Lo primero que pienso cuando me dicen o me entero que fulanito y menganita lo han dejado es en cuántas fotos de boda salen juntos. Pongo los cumpleaños, los conciertos, las fiestas o los viajes en un segundo plano y me centro en las bodas. Para mí las bodas son algo así como la decisión del César en el circo romano. Tienen el poder de saber si la cosa va pa’ lante o se viene una crisis de los 30, los 40 o la rayada de turno por no querer dar pasos en falso. Esto, como todo, son teorías y no verdades absolutas, pero es cierto que cuando una pareja se rompe, muchas fotos también lo hacen.

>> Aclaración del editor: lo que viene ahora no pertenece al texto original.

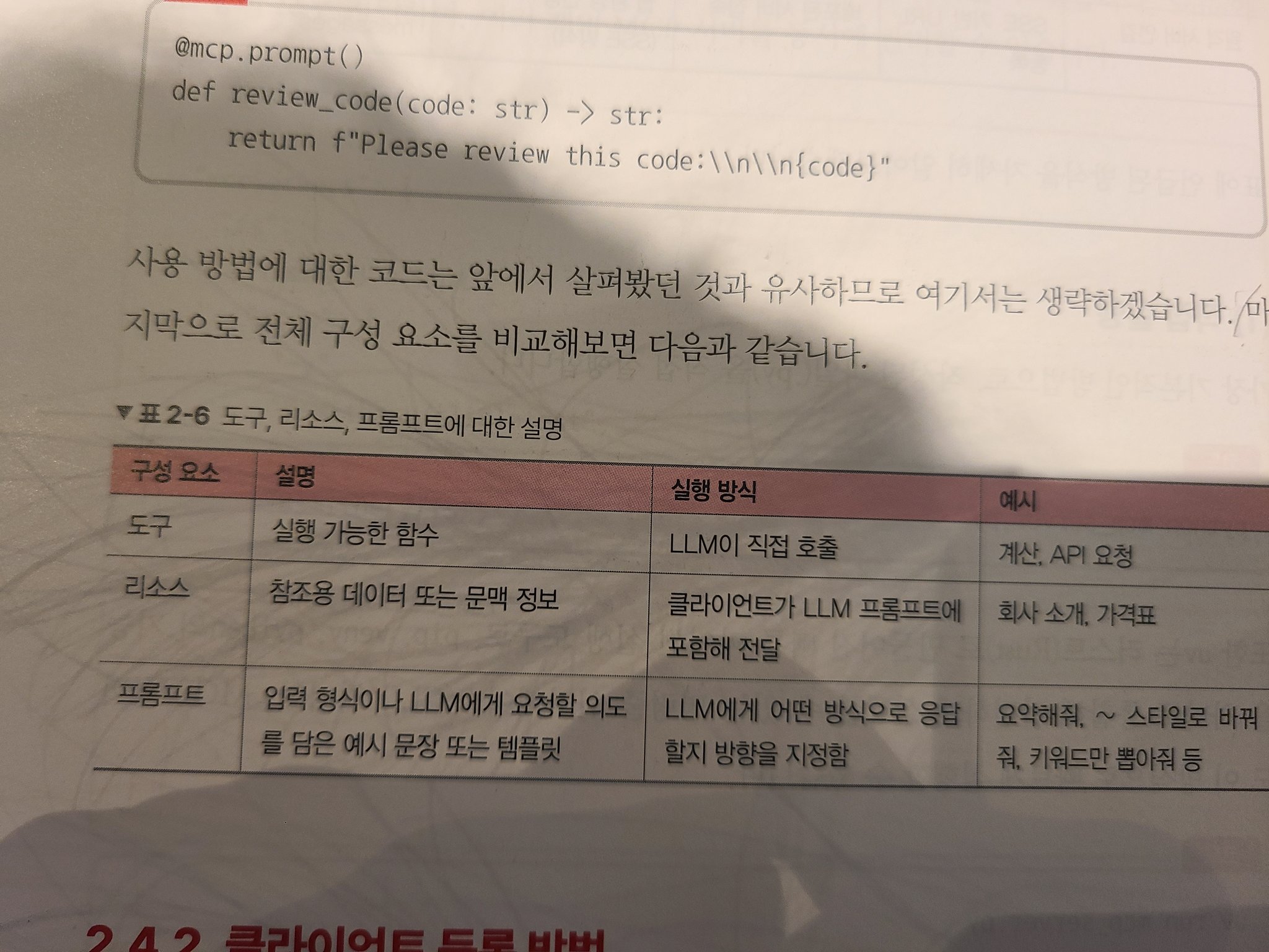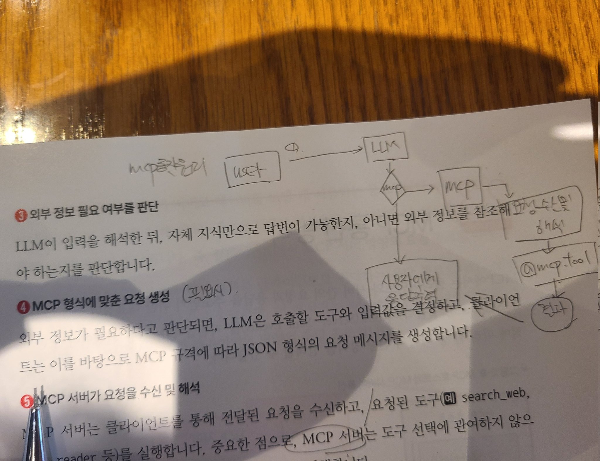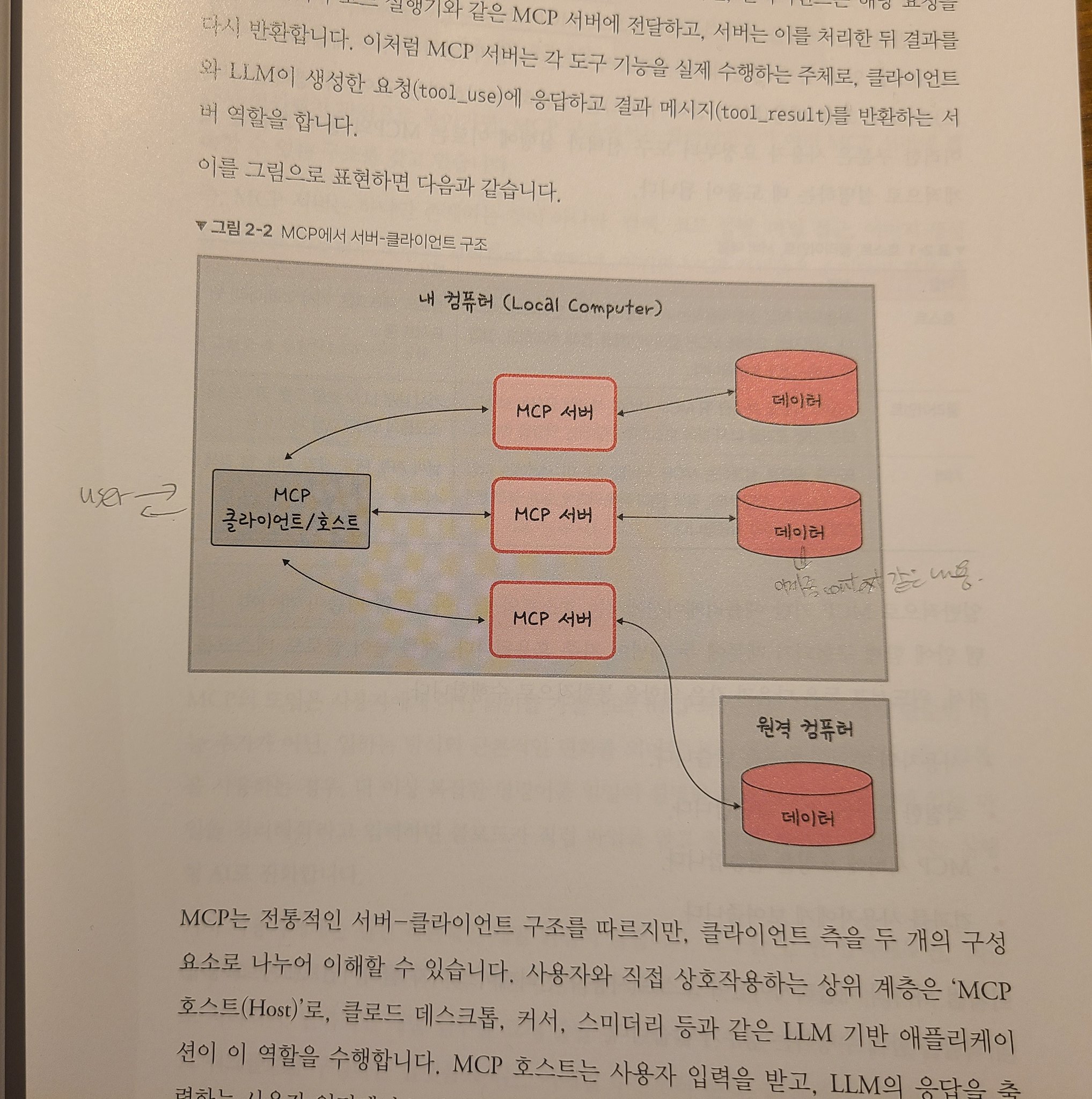 책 펼치자마자 "MCP는 뭐지?" 했어요. Model Context Protocol의 줄임말이라고 하더라구요.

Hilando fino, esto me recuerda a otra historia vivida hace unos 15 años –se dice pronto- cuando una amiga lo dejó con su novio. Esos novios de coches de choque y de besos en portales. Vino cargada con álbumes de fotos y negativos varios anunciando que estaba decidida a deshacerse de ese incordio de selfies con cámara analógica. Recuerdo que yo fui la única de todo el grupo de amigas que le dijo: “yo me quedo las fotos”. Porque las fotos ni se rompen ni se tiran. Se guardan en ese último cajón de escritorio de Bachillerato o en el trastero de la casa donde dormías todas los días de la semana.
Ante la necesidad que tenemos de mostrarlo y contarlo todo a través de la pantalla del móvil, confieso que cuando me despierto un sábado por la mañana y miro qué subir al feed y no tengo absolutamente nada de la noche anterior significa que todo ha ido bien. Más que bien. Si no hay rastro de fotos en la galería es que no te lo has podido pasar mejor.
Así que, como dice un buen amigo y sabio a la vez: “no te pongas en las fotos de boda”. No poses. Sólo ve, baila, cierra la barra libre y llévate a casa la carta del menú si te apetece. Pero salte fuera del plano cuando alguien vaya a disparar para no pensar que la asistencia a esa boda fue un carrete velado. Hazte caso.